Directions for this task. Omit all pictures and give the records below again exactly as written.

────────────────

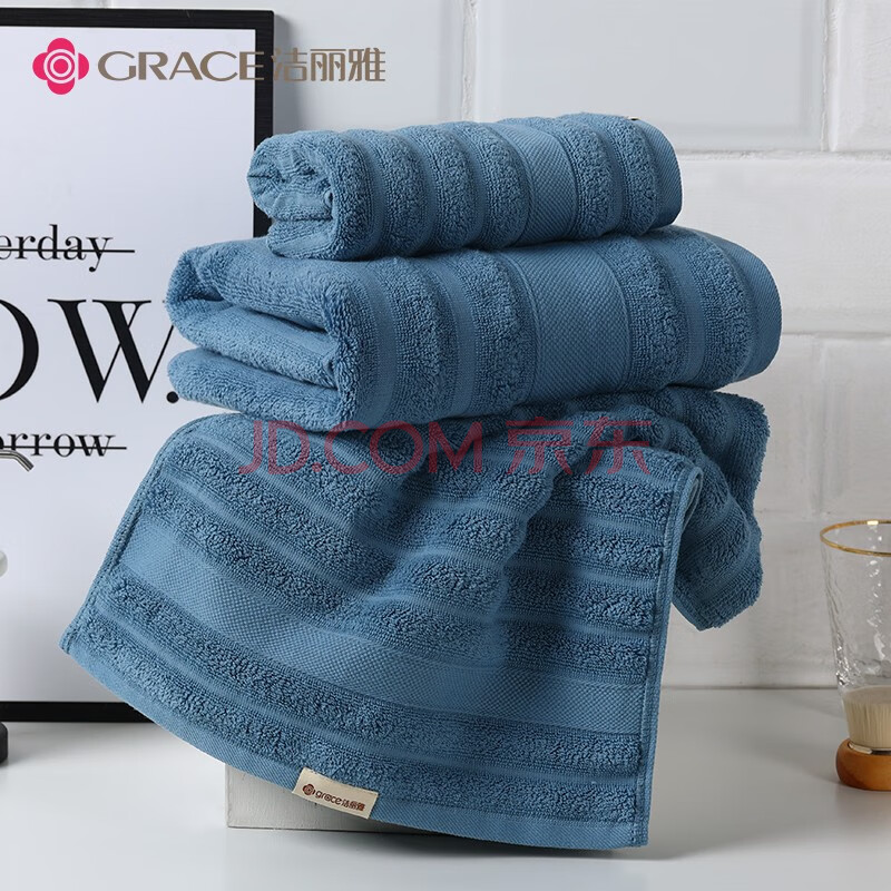 商品相册:洁丽雅(Grace)纯棉毛巾浴巾两件套 A类长绒棉洗脸洗澡柔软吸水速干大面巾 蓝色第
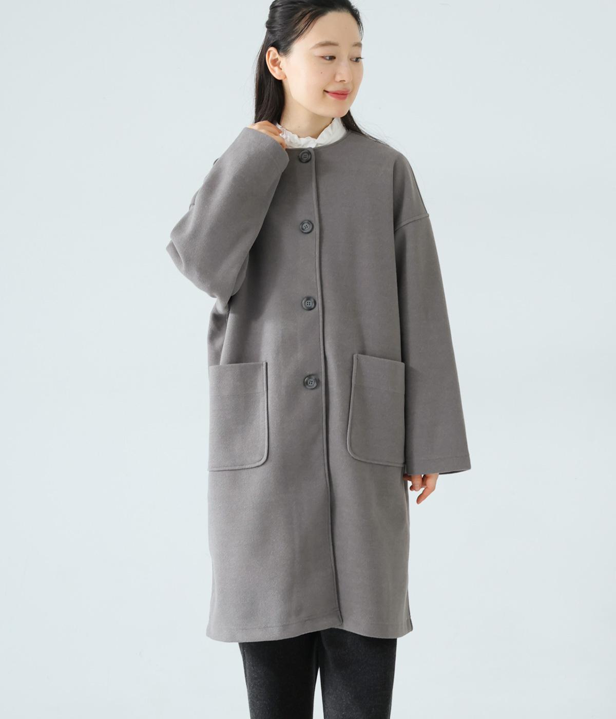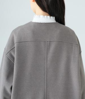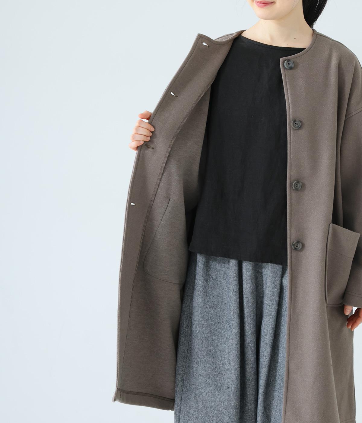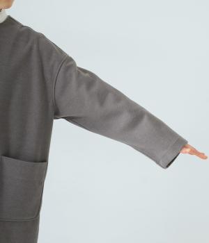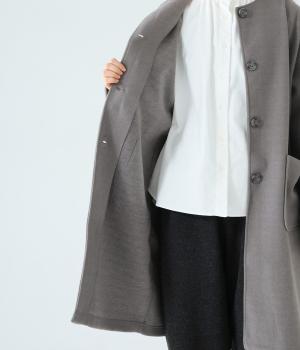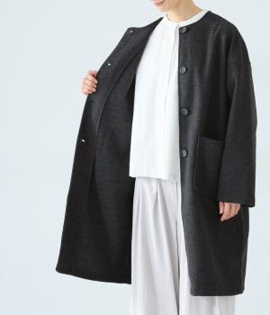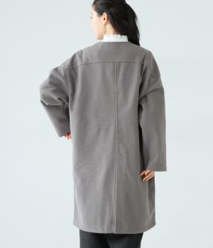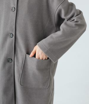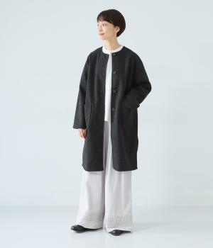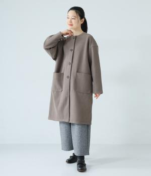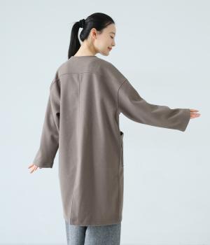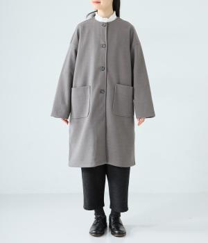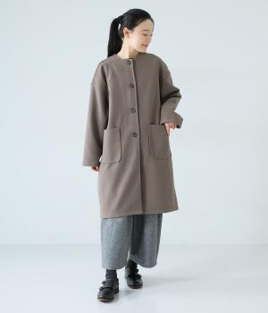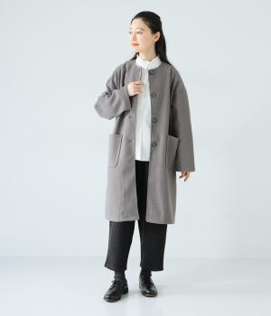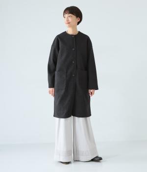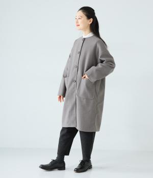 シンプルなノーカラーデザインで上品に仕上げたコート。フロントの大きなパッチポケットがアクセントです。ゆったりとしたサイズ感で、さまざまな装いにごわつきなく羽織りやすいのが◎。後ろ裾にスリットを入れているので足さばきも快適です。
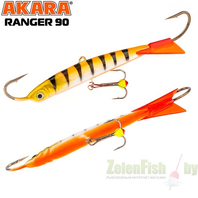 Разработан для зимней ловли хищных рыб, таких как окунь и судак. Балансир изготовлен из качественных, морозостойких материалов и оснащен высокопрочными крючками и тройниками японской компании Maruto. Длинна балансира 90 миллиметров, вес 36 грамм. Балансиры этой модели красятся в уловистые цвета, причем окрашивание осуществляется с применением флуоресцентных UV красок (светятся в ультрафиолетовом диапазоне), либо с использованием люминесцентных фосфорных красок (светятся в темноте). Приманка прекрасно отзывается на анимацию и имеет яркую, высокоамплитудную игру, которая может спровоцировать на поклевку даже пассивного хищника. Балансир Akara Ranger 90 станет прекрасным пополнением арсенала любителей зимней рыбалки.
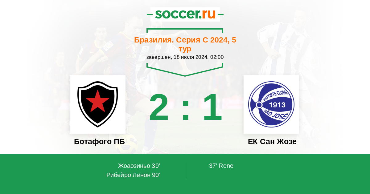 Протокол матча Ботафого ПБ против ЕК Сан Жозе
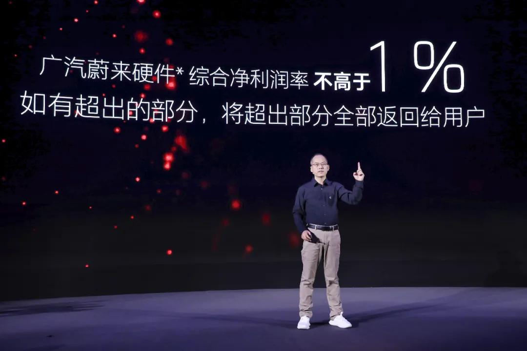 公开后,廖兵直接给出一个承诺:广汽蔚来硬件的综合净利润率不高于1%,否则将超出部分全部返回给用户。
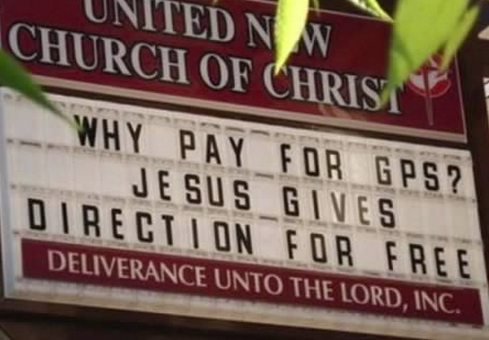 “perché pagare un GPS?Gesù ti indica la strada gratis”. Un annuncio piuttosto da nerd quello di questa chiesa americana che cerca di attrarre fedeli.
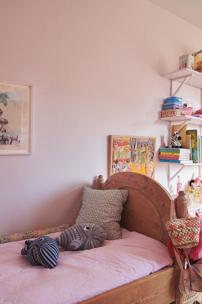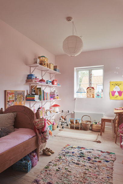The shelves have been painted in the same colour as the room, which creates a sense of calm. Books, toys, little suitcases and a Mushroom Night Light have a place here. Rugs add a soft touch to the room.
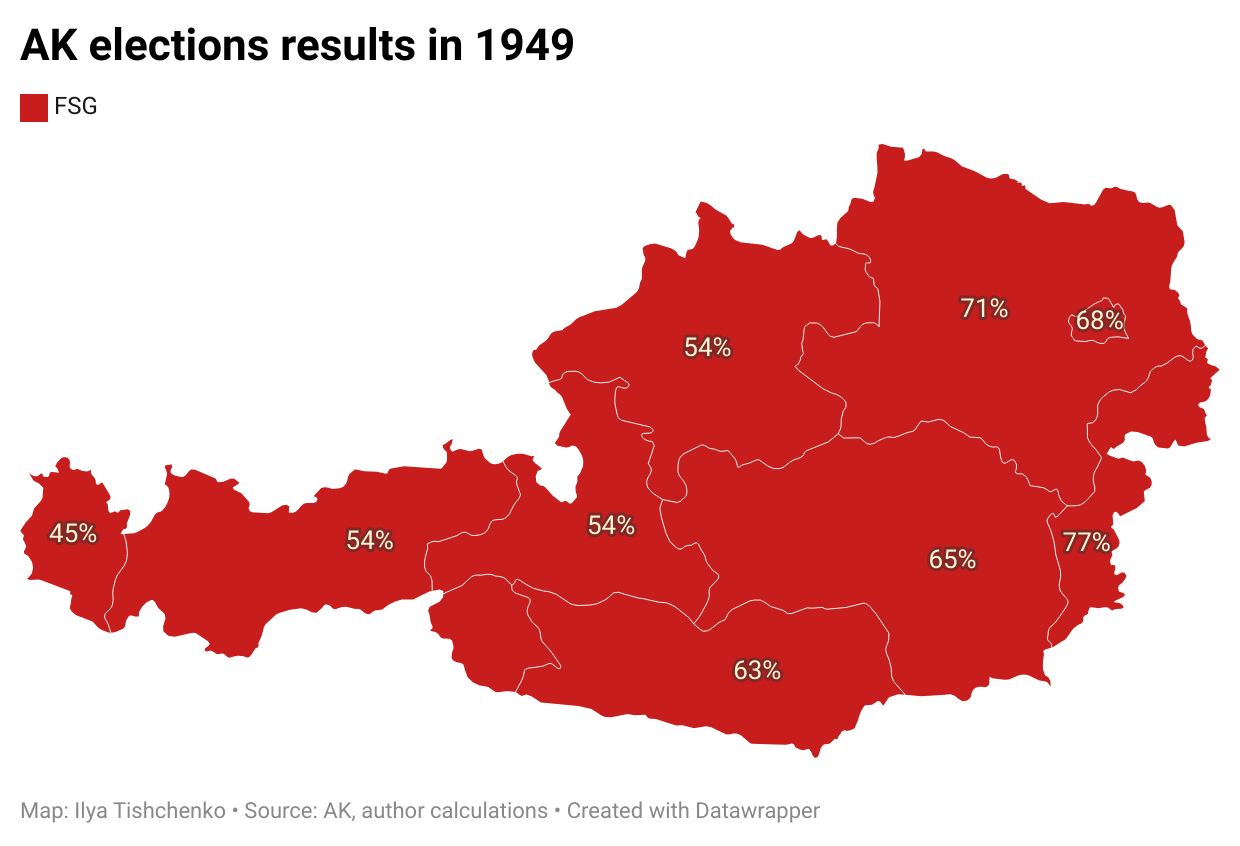 Maps of voting are a bit boring as FSG (SPÖ) always has majority, except in Tirol and Vorarlberg where ÖAAB (ÖVP) take a lead since 1984.
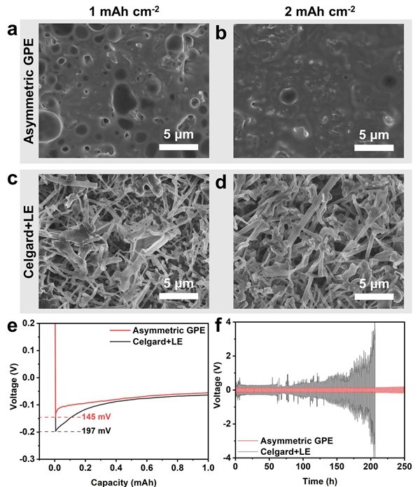 圖5. 電解質(zhì)對(duì)金屬鋰沉積的影響。(a-d)Asymmetric GPE與Celgard+LE在銅箔表面沉積鋰形貌SEM圖像,(e)金屬鋰的沉積電位,(f)Li|Li對(duì)稱(chēng)電池循環(huán)過(guò)電位。
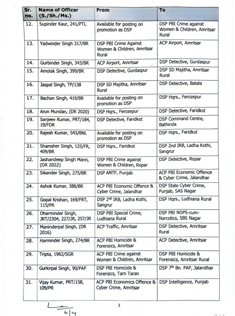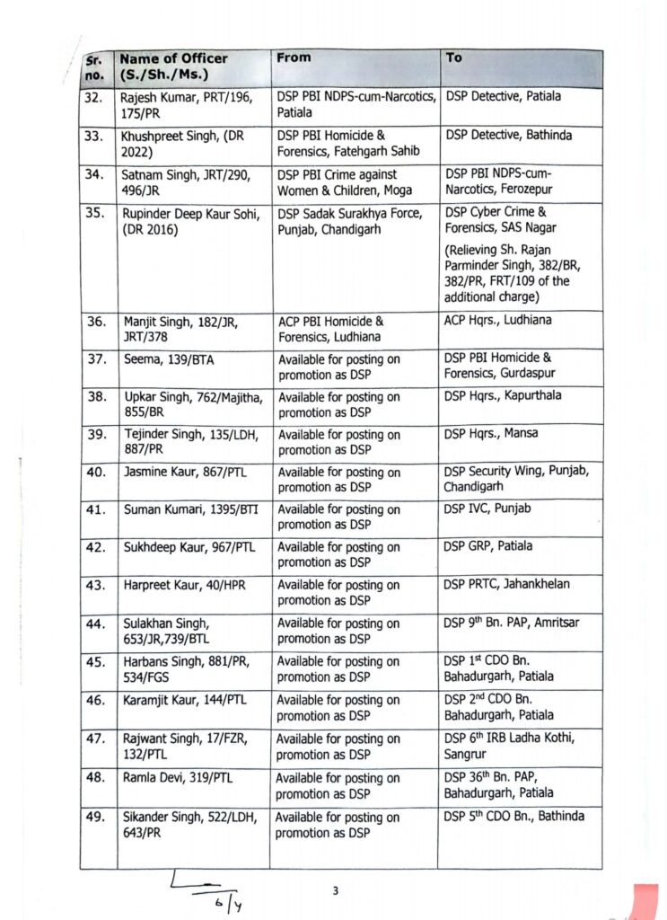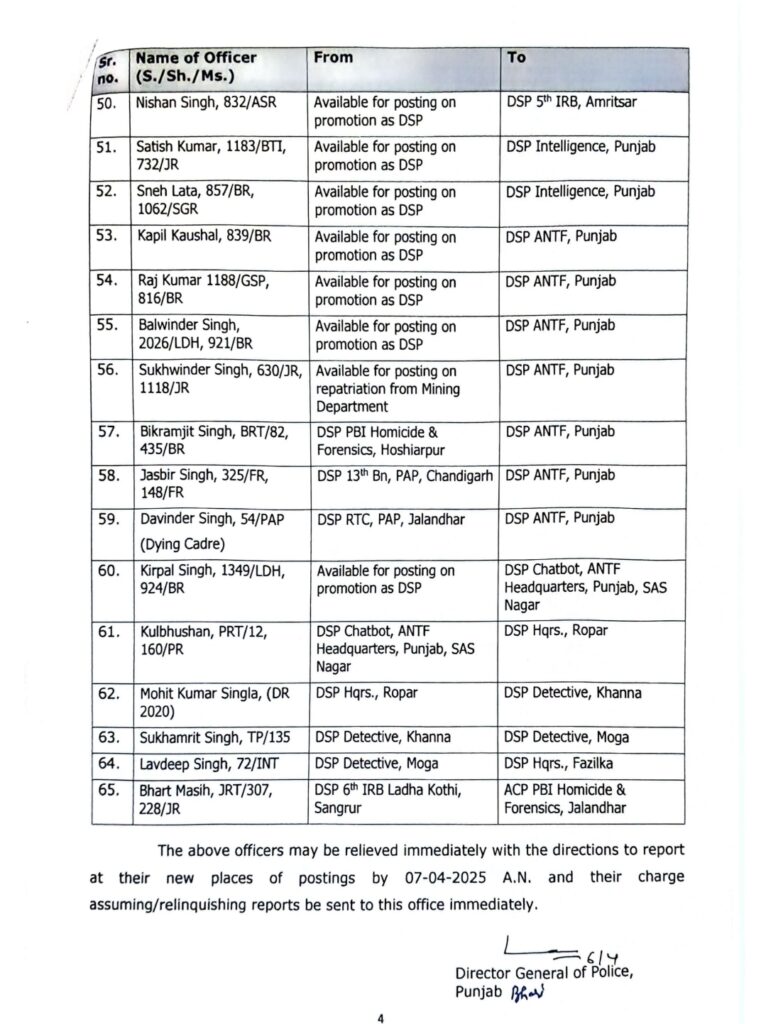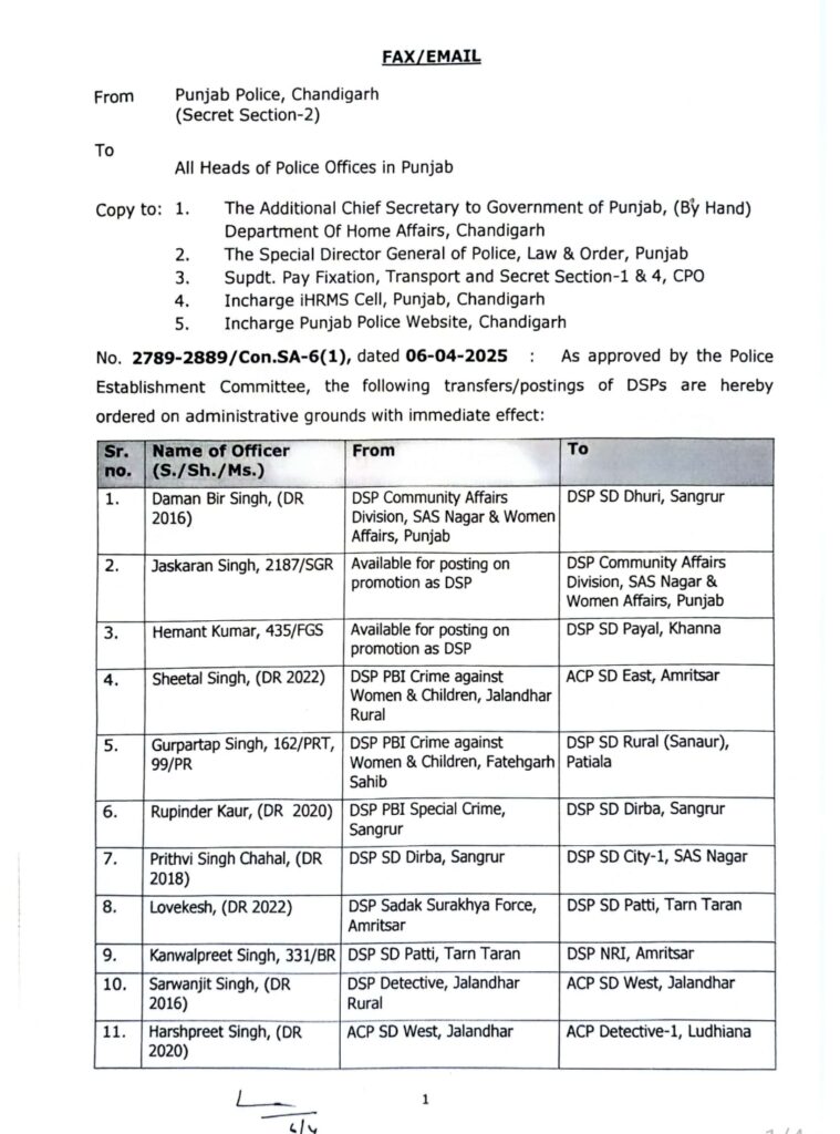 ਪੰਜਾਬ ਸਰਕਾਰ ਨੇ 65 DSP’s ਦੇ ਤਬਾਦਲੇ ਕੀਤੇ ਹਨ

────────────────

Exercise answer.
 商品相册:洁丽雅(Grace)纯棉毛巾浴巾两件套 A类长绒棉洗脸洗澡柔软吸水速干大面巾 蓝色第
 シンプルなノーカラーデザインで上品に仕上げたコート。フロントの大きなパッチポケットがアクセントです。ゆったりとしたサイズ感で、さまざまな装いにごわつきなく羽織りやすいのが◎。後ろ裾にスリットを入れているので足さばきも快適です。
 Разработан для зимней ловли хищных рыб, таких как окунь и судак. Балансир изготовлен из качественных, морозостойких материалов и оснащен высокопрочными крючками и тройниками японской компании Maruto. Длинна балансира 90 миллиметров, вес 36 грамм. Балансиры этой модели красятся в уловистые цвета, причем окрашивание осуществляется с применением флуоресцентных UV красок (светятся в ультрафиолетовом диапазоне), либо с использованием люминесцентных фосфорных красок (светятся в темноте). Приманка прекрасно отзывается на анимацию и имеет яркую, высокоамплитудную игру, которая может спровоцировать на поклевку даже пассивного хищника. Балансир Akara Ranger 90 станет прекрасным пополнением арсенала любителей зимней рыбалки.
 Протокол матча Ботафого ПБ против ЕК Сан Жозе
 公开后,廖兵直接给出一个承诺:广汽蔚来硬件的综合净利润率不高于1%,否则将超出部分全部返回给用户。
 “perché pagare un GPS?Gesù ti indica la strada gratis”. Un annuncio piuttosto da nerd quello di questa chiesa americana che cerca di attrarre fedeli.
The shelves have been painted in the same colour as the room, which creates a sense of calm. Books, toys, little suitcases and a Mushroom Night Light have a place here. Rugs add a soft touch to the room.
 Maps of voting are a bit boring as FSG (SPÖ) always has majority, except in Tirol and Vorarlberg where ÖAAB (ÖVP) take a lead since 1984.
 圖5. 電解質(zhì)對(duì)金屬鋰沉積的影響。(a-d)Asymmetric GPE與Celgard+LE在銅箔表面沉積鋰形貌SEM圖像,(e)金屬鋰的沉積電位,(f)Li|Li對(duì)稱(chēng)電池循環(huán)過(guò)電位。
 ਪੰਜਾਬ ਸਰਕਾਰ ਨੇ 65 DSP’s ਦੇ ਤਬਾਦਲੇ ਕੀਤੇ ਹਨ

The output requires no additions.